# New Question: Bonnet Creek and WDW



## dis5150 (Jan 16, 2015)

After much back and forthing with my daughter we have (I think) decided to do the Disney Half Marathon November 7th at WDW. We are going to try and get a 1 bdrm deluxe at Bonnet Creek. My question is regarding the distance to WDW and the shuttle. We won't (most likely) be renting a car and will rely on the shuttle, which would be cheaper anyway, with just the 2 of us, than parking. The problem is that the Half Marathon starts at 10:00 pm, with a party afterwards at Epcot, until around 4:00am. I don't see us staying that late, but whatever time we do leave will be after closing hours at WDW (obviously) so I'm sure there is no shuttle at that time. The event does not have transportation to Non Disney sponsor/event hotels, even if they are on Disney property. So I am trying to figure out how we would get back to Bonnet Creek. Has anyone used a taxi between Bonnet Creek and Epcot? Is Bonnet Creek within walking distance of any Disney owned resorts?

Neither of us have ever been to WDW and have no idea of the layout/distance between the parks, etc. And for the rest of our trip, how often does the Bonnet Creek shuttle run? 

Thanks in advance! We may end up with a rental car, but really don't want the added expense!


----------



## 55plus (Jan 16, 2015)

Call Bonnet Creek and ask them when the shuttle runs...


----------



## Sandy VDH (Jan 16, 2015)

I'm sure there is no shuttle at 4 am, but in the grand scheme of things, the parking lot for EPCOT is across the street for the entrance to Bonnet Creek.  Since you both just did a Marathon, I'm sure the walk would not be that far in comparison, but it would likely be a mile or two.


----------



## Vacationfuntips (Jan 16, 2015)

Sandy VDH said:


> I'm sure there is no shuttle at 4 am, but in  the grand scheme of things, the parking lot for EPCOT is across the  street for the entrance to Bonnet Creek.  Since you both just did a  Marathon, I'm sure the walk would not be that far in comparison, but it  would likely be a mile or two.

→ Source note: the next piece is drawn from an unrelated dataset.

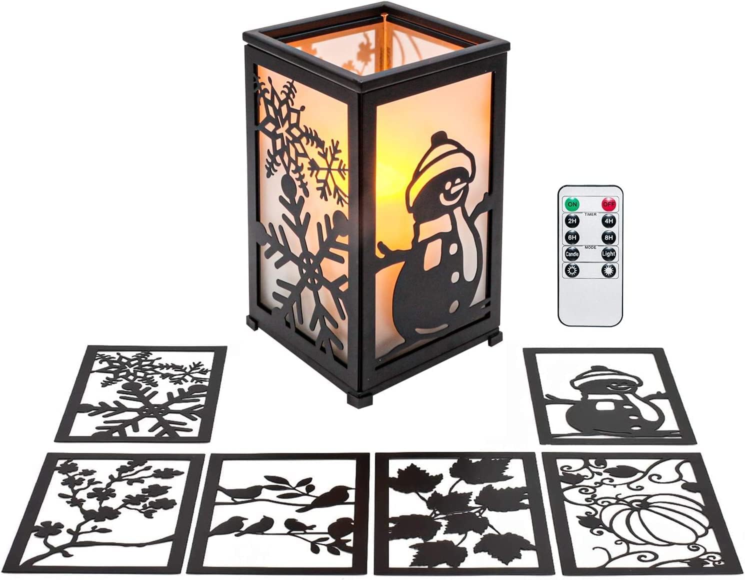 Elegantna kovinska laterna z LED svečo in izmenljivimi sezonskimi ploščicami za celoletno dekoracijo doma ali vrta.

No, walking back to the resort should not be an option!    Especially, for the time you plan on going back to Wyndham.

Perhaps going to Downtown Disney  (it's new name Disney Springs) may work out better for a later time to get back to Bonnet Creek?  However, you need to find out how late that bus runs?  You would also need to get a bus schedule.  Keep in mind that Epcot and the Epcot Resort area over by the Disney Boardwalk is much closer to Wyndham Bonnet Creek Resort.

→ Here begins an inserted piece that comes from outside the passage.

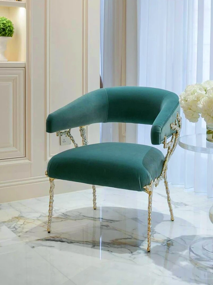 Elegant Italian-Designed Pure Copper Dining Chair - Creative Backrest Leisure Chair for Luxurious Villas and Homes, Perfect as a Single Makeup Chair.

Your best bet: might be to return from Epcot.  You can call for a cab or they might already be lined up and waiting.  You will depart from the main entrance  -near the Epcot ball.  Another option: would be to use Epcot's back entrance - the side near the U.K country area and not too far from Paris.   Try to take the free Disney water taxi boat over to the Disney Boardwalk area resorts (if still open and running).   Additionally, from the Epcot back entrance near Disney's Vacation Club properties and Deluxe Resorts - you can just walk over.  It is not too long of a walk.   You can call for a cab from a Disney resort lobby to take you back to Wyndham Bonnet Creek.   The Epcot area resorts are Disney's Beach and Yacht  Club, Disney's Boardwalk, or even The Swan & Dolphin.  

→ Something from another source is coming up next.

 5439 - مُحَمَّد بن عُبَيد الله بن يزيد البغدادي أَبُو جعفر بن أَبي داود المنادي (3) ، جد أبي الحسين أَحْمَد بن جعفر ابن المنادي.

Another resort near Wyndham Bonnet Creek is Disney's Caribbean Beach Resort (it is right next door - there is no path and it is not walkable at all).   Disney's Caribbean Beach Resort is very spread out.     If you do take a Disney bus over to this resort, try to stop off at Disney's Caribbean Beach - Old Port Royale stop.  This is the stop with the food court and main theme pool area - if you go very late at night or very early in the morning it may be hard to get assistance from staff.  I would save this option as a last choice - it might just be too much trouble for the time you need to return? 

Make sure to get a Wyndham Bus Schedule.  The complimentary Disney buses run every 15-30 minutes. The Disney buses may run much less frequently after theme park closing hours too?

Have a great time at Disney's Marathon and Wyndham Bonnet Creek Resort!

Cynthia T.


----------



## chriskre (Jan 16, 2015)

Yes you can take a cab.  
We've done it.  

Also might want to try uber.com  
It will probably be quicker than waiting for a cab.


----------



## WeLovetoTravel (Jan 16, 2015)

We've taken a cab back from Epcot several times. That time of night, it would probably easier to catch a cab from one of the Disney resorts.


----------



## bnoble (Jan 16, 2015)

I would cab or uber for that trip.  Enjoy the race---I just got back from the half marathon last week, and had a great time!


----------



## dis5150 (Jan 17, 2015)

Thank everyone for all the info! Sounds like a taxi would be our best bet. Haven't heard of Uber - I will. Google it.


----------



## dis5150 (Jan 17, 2015)

bnoble said:


> I would cab or uber for that trip.  Enjoy the race---I just got back from the half marathon last week, and had a great time!



Thanks, we are super excited to go! Was your run at night too? Since neither of us has ever been there we thought it would be so fun, since the run is at night, through the parks.


----------



## bnoble (Jan 17, 2015)

No, it was the morning.  Very very early in the morning!


----------



## dis5150 (Jan 20, 2015)

So excited! Booked the unit yesterday for 5 nights! And the woman I talked to was very nice. She had done the run last year and had lots of answers to my questions. She said they walked back to Bonnet Creek after the run and that we shouldn't be nervous about walking at that time as there are hundreds of people doing the same thing at that time and after the party. She also said that the race ends in the Epcot parking lot so we are pretty close to Bonnet Creek at the end anyway. 

Thanks everyone for all the helpful advice! We are really looking forward to this trip. Do I have to wait until I check in to request a room with a fireworks view, or can I call the resort a few days (weeks?) before I go and ask?


----------



## Rent_Share (Jan 20, 2015)

dis5150 said:


> Thanks, we are super excited to go! Was your run at night too? Since neither of us has ever been there we thought it would be so fun, since the run is at night, through the parks.



Now I understand the time . . . .


----------